Dans la mesure du possible, des approches in vitro seront réalisées préalablement afin de sélectionner les meilleurs candidats de traitement pour un passage in vivo et limiter le nombre d’animaux inclus dans la procédure. Les études réalisées dans le cadre de ce projet seront conduites séquentiellement afin d’obtenir les informations scientifiques nécessaires tout en minimisant le nombre d’animaux utilisés et en préservant leur bien-être autant que possible. Dans chaque plan d’étude, le nombre d’animaux par groupe sera toujours argumenté et justifié de manière à optimiser leur utilisation et à en réduire leur nombre tout en s’assurant que ce nombre permettra d’atteindre l’objectif de l’étude, c’est-à-dire que les résultats de l’étude permettront de prendre une décision sur l’induction de la pyodermite et /ou le niveau d’efficacité de la/des solutions de traitement évaluées. Chaque animal sera son propre témoin. La littérature nous montre que pour ce modèle, un minimum de 6 chiens est nécessaire pour garantir des résultats exploitables. Les études de mise au point seront réalisées sur 6 à 8 chiens (dans le cas où différentes conditions devraient être étudiées, telles que l’application de germes différents). Lors des études d’évaluation de produits, 3 à 4 groupes de 6 à 8 chiens seront nécessaires (2 groupes contrôles, négatif et positif, 2 groupes traités). Les différentes études seront réalisées successivement, et les animaux pourront être réutilisés dans les études suivantes après totale guérison et une période de repos de 6 semaines minimum.

3. Raffinement

3R / Raffinement :

L’induction du modèle de pyodermite, la collecte d’échantillons et les études d’efficacité pharmacologique, requièrent une contention légère des animaux. Les animaux sont habitués à la contention et au contact des expérimentateurs en étant régulièrement manipulés. Depuis leur inclusion dans l’étude jusqu’à la dernière observation, l’état de santé général des animaux sera observé a minima 2 fois par jour pour s’assurer qu’aucune réaction non attendue est observée. Des observations locales seront également prévues a minima une fois durant la phase d’acclimatation, à J0, les 5 jours suivants la phase d’induction puis tous les 2 à 4 jours jusqu’à guérison du chien. Les examens cliniques locaux pourront cependant être plus fréquents si les besoins de l’étude le justifient, par exemple, réalisés quotidiennement tout au long de la phase expérimentale. Le personnel de l’EU en charge des observations est expérimenté et formé à reconnaitre un état de santé ou comportement anormal devant être signalé au vétérinaire de l’étude. Des points limites seront définis et précisés dans chaque plan d’étude. Si un des points limites est atteint, le chien sera immédiatement retiré de la phase expérimentale et traité. Les chiens devant être hébergés en box individuel durant la phase expérimentale (maximum 20 jours), un enrichissement compensatoire avec des jeux spécifiques (tapis de léchage) leur sera fourni. Deux à trois jours après l’induction du modèle, les chiens pourront sortir faire de l’exercice, 2 à 3 fois par semaine, en individuel et sous surveillance. Les interactions avec le personnel qualifié de l’EU seront plus fréquentes qu’en hébergement collectif. Le temps en box individuel sera ajusté à chaque étude de mise en place afin de le réduire au maximum. Il sera discuté pour chaque étude avec la SBEA. L’hébergement collectif sera privilégié pour chaque étude qui le permettra. Dès qu’un animal sera guéri, il pourra de nouveau être placé en box collectif.

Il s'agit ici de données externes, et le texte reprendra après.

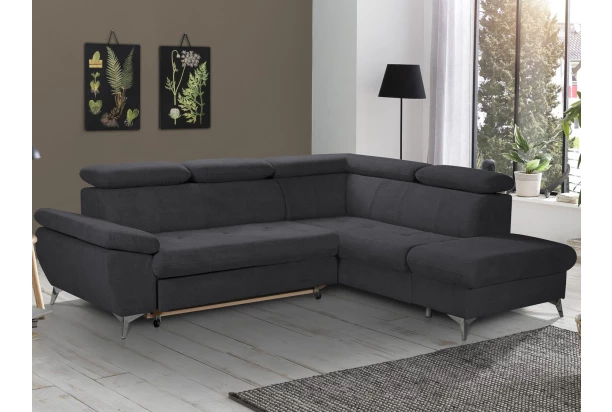 Moderná rohová sedacia súprava v trendovom štýle ponúka komfortné sedenie, ktoré navyše dopĺňajú polohovateľné podrúčky a polohovateľné chrbtové opierky – ľahko si tak môžete prispôsobiť štýl sedenia podľa Vašej individuálnej potreby. Rohová sedačka tvorí pravý roh a je očalúnená príjemne mäkkou štruktúrovanou látkou v odtieni antracitová tmavo šedá. Kovová podnož v chrómovo lesklom prevedení pôsobí vzdušne a navyše umožňuje využiť aj váš robotický vysávač. Táto sedačka je zároveň vybavená rozkladacou funkciou na príležitostné lôžko a taktiež úložným priestorom pod otomanom. Skrátka sedačka pre komfortnú, modernú a zároveň praktickú domácnosť.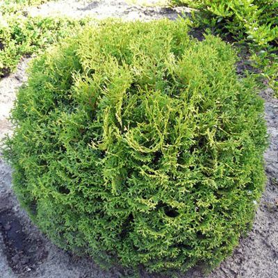 Туя западная Тайни Тим - это очень красивая карликовая форма. Высота 0,5 -1м, диаметр кроны 1 - 1,5 м. Крона шаровидная, короткие и густые ветки. Кора красноватая или серовато-коричневая, отслаивающаяся. Хвоя чешуйчатая, темно-зеленая. В 10 лет высота растений этой формы 30 см, диаметр кроны 40 см. Растет медленно.

Expliquer le choix des espèces et les stades de développement y afférents.

Les produits vétérinaires doivent obligatoirement être testés dans l’espèce de destination. L’espèce de destination des traitements contre la pyodermite étant le chien et l’absence d’alternative à l’utilisation d’animaux justifie l’utilisation des chiens dans ce projet. Les modèles seront à mettre en place chez des chiens adultes sains avec un système immunitaire mature soit des animaux de plus de 10 mois.